# Sea Bass Ceviche



## OldBay (May 15, 2003)

We all did well on the MorningStar Saturday. I put 17 keeper sea bass in the cooler. The question is : What the heck do you do with 34 Sea Bass filets? I made ceviche with 8 of the filets yesterday afternoon for lunch. The flavor and texture of sea bass is perfect for cevice. The great thing about ceviche is that you can make it in so many different ways. Here is what I did Sunday:

I removed the small line of pin bones from the sea bass filets and diced the fish into ¼” dice and put them in a bowl.

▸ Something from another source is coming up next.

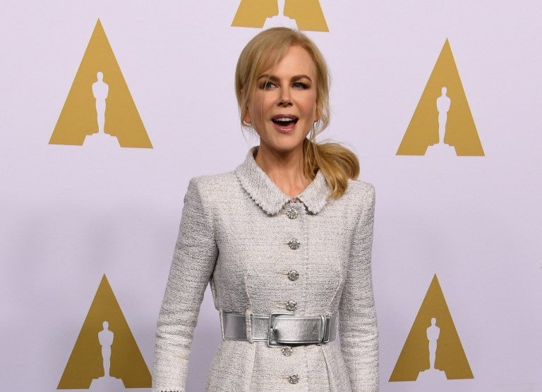 En el célebre almuerzo de los nominados a los premios Óscar, -ella en la categoría de mejor actriz secundaria por 'Lion'-, asistió con un traje gris de Channel y un cinturón plateado por debajo del pecho, que remarcó aún más su notable transformación.
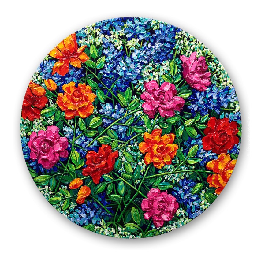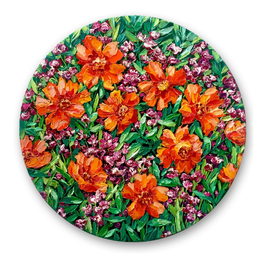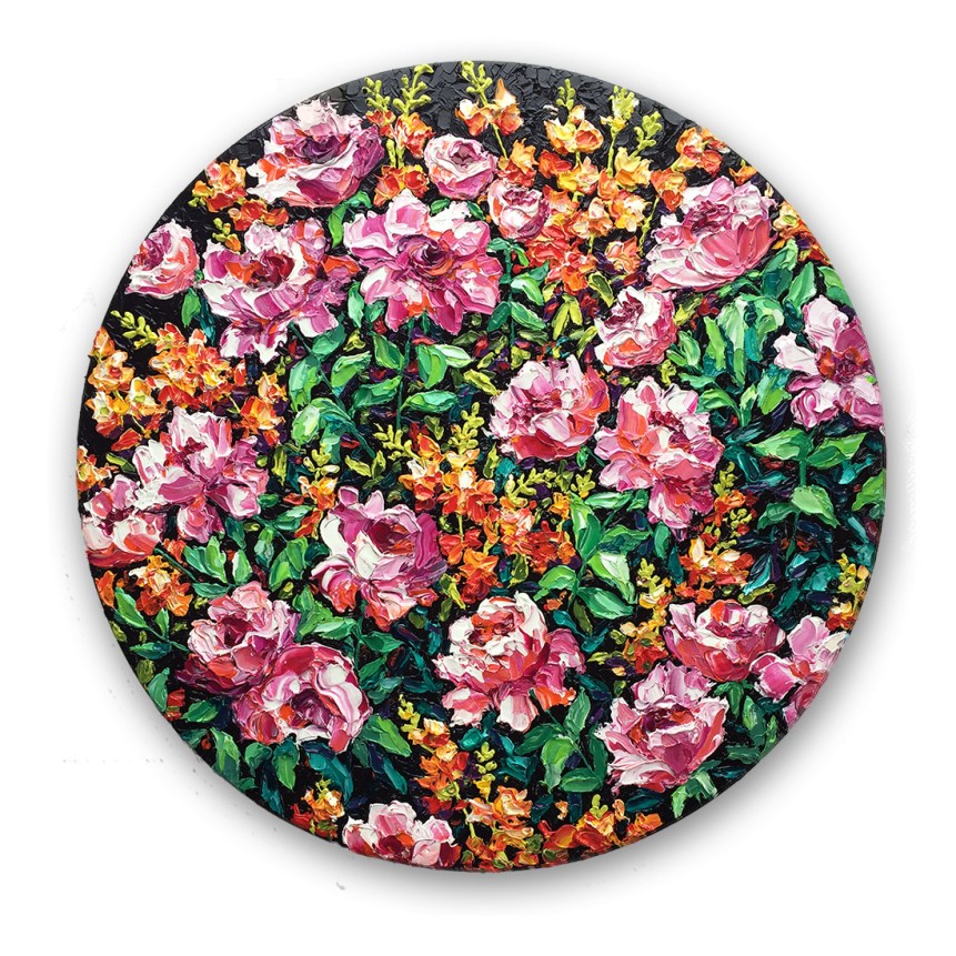Her latest series “Opulence” is an exploration of paint, colour and the botanical. These paintings are inspired by “the language of flowers”, or Floriography.

To the fish add fine dice of the following:
Green Pepper
White Onion
Jalapeno
Tomato
Cilantro
And mix them all together.









Add sea salt, pepper, adobo, and the juice of 3-5 limes depending on the amount of juice in each and mix again.

Dice an avocado and add that to the bowl and mix. I do this last so the avocado doesn’t get smooshed.

Once everything is seasoned and coated with lime juice I just refrigerate for 2 hours stirring well after 1 hour.

Serve with a big lump of Wasabi and some tortilla chips. It was delicious!


----------



## akhan (Mar 17, 2011)

Well done sir - Can never go wrong with a good ceviche!


----------



## RuddeDogg (Mar 20, 2004)

akhan said:


> Well done sir - Can never go wrong with a good ceviche!


Indeed. That looks great!!!!


----------